The biggest draw in Nevada is its lack of state income tax on any form of retirement income.

This includes pensions, IRA withdrawals, and Social Security benefits. The state also has no inheritance or estate tax, which can benefit long-term planning.

Sales taxes typically range from 6.85% to over 8%, depending on the area, but for retirees focused on minimizing taxes on income, Nevada remains one of the most efficient states.

Wyoming

Wyoming is one of the most tax-efficient states in the country, but it often flies under the radar. It has no state income tax, and property taxes are among the lowest nationwide, with an average effective rate of about 0.53%.

Sales tax is also relatively low at 4% statewide, with modest local additions. For retirees, this combination means minimal taxation across income, property, and spending.

South Dakota

Another low-tax option, South Dakota has no state income tax or inheritance tax. Property taxes are also relatively low, averaging about 1% effective rates.

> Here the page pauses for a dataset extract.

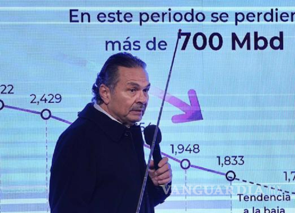 El titular de Pemex explicó que al finalizar el 2024, se espera que las seis refinerías produzcan un millón 512 mil barriles diarios

Sales tax is around 4.2% statewide, with local rates bringing totals closer to 6% to 7% in some areas. The lack of income tax, combined with moderate property taxes, makes it one of the most cost-efficient states overall.

Delaware

Delaware takes a different approach but still offers strong advantages. While it does have a state income tax, retirees over 60 can exclude up to $12,500 in retirement income per person. For a married couple, that's up to $25,000 shielded from state taxes.

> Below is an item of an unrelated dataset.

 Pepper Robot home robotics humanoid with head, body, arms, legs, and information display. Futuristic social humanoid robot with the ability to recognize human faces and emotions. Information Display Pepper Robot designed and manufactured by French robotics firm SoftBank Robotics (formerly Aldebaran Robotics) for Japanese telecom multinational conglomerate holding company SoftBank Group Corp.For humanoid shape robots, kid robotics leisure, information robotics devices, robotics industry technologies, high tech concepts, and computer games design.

The state also has no sales tax, which can save retirees hundreds to thousands of dollars annually on everyday purchases. Property taxes are relatively low, with average effective rates around 0.54%, making Delaware one of the more balanced low-tax options.

Pennsylvania

Pennsylvania is one of the most favorable states for retirees when it comes to income taxes. The state does not tax Social Security, pensions, or retirement account withdrawals for residents over age 59 1/2. That effectively eliminates state income tax on most retirement income.

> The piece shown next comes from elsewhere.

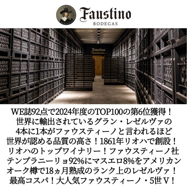 WE誌92点で2024年度のTOP100の第6位獲得! 世界に輸出されているグラン・レゼルヴァの 4本に1本がファウスティーノと言われるほど世界が認める品質の高さ!1861年リオハで創設! リオハのトップワイナリー!ファウスティーノ社 テンプラニーリョ92%にマスエロ8%をアメリカンオーク樽で18ヵ月熟成のランク上のレゼルヴァ! 最高コスパ!大人気ファウスティーノ・5世 V!
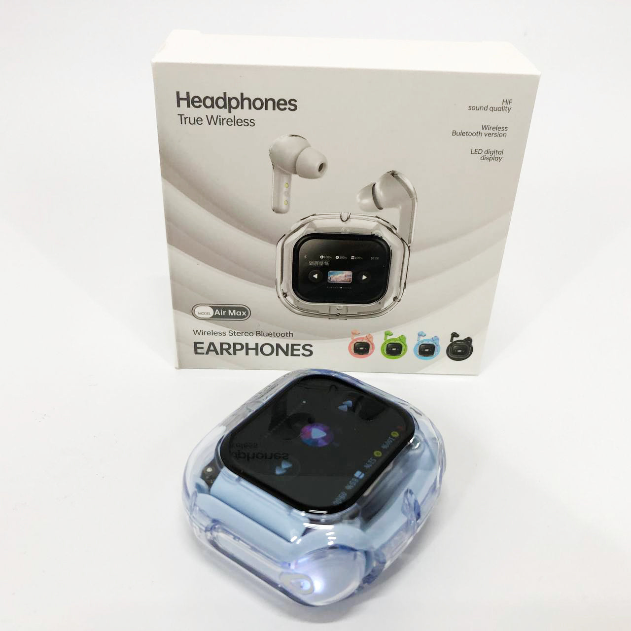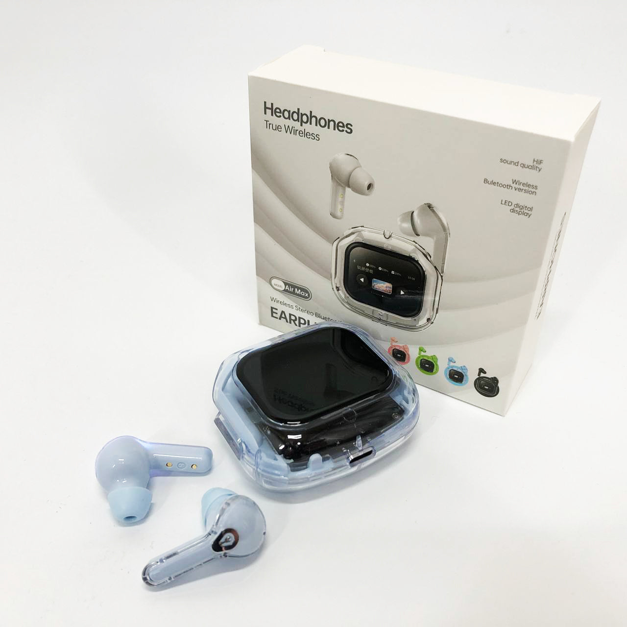 Беспроводные вакуумные наушники TWS с LED дисплеем, влагозащита IPx4 Bluetooth 5.4 с кейсом. Цвет: голубой

Property taxes average around 1.26% effective rates, which is higher than in some states but still manageable depending on location. For retirees focused on minimizing taxes on income, Pennsylvania stands out as one of the most overlooked options.

Bottom line

The difference between high-tax and low-tax states can add up quickly. A retiree withdrawing $60,000 per year in a no-income-tax state like Florida, Texas, or Nevada could pay nothing in state income tax. In a higher-tax state, that same retiree might owe $3,000 to $6,000 annually.

Over time, that gap could exceed as much as $100,000. For retirees looking to make the right moves, choosing a tax-friendly state can make a meaningful difference year after year.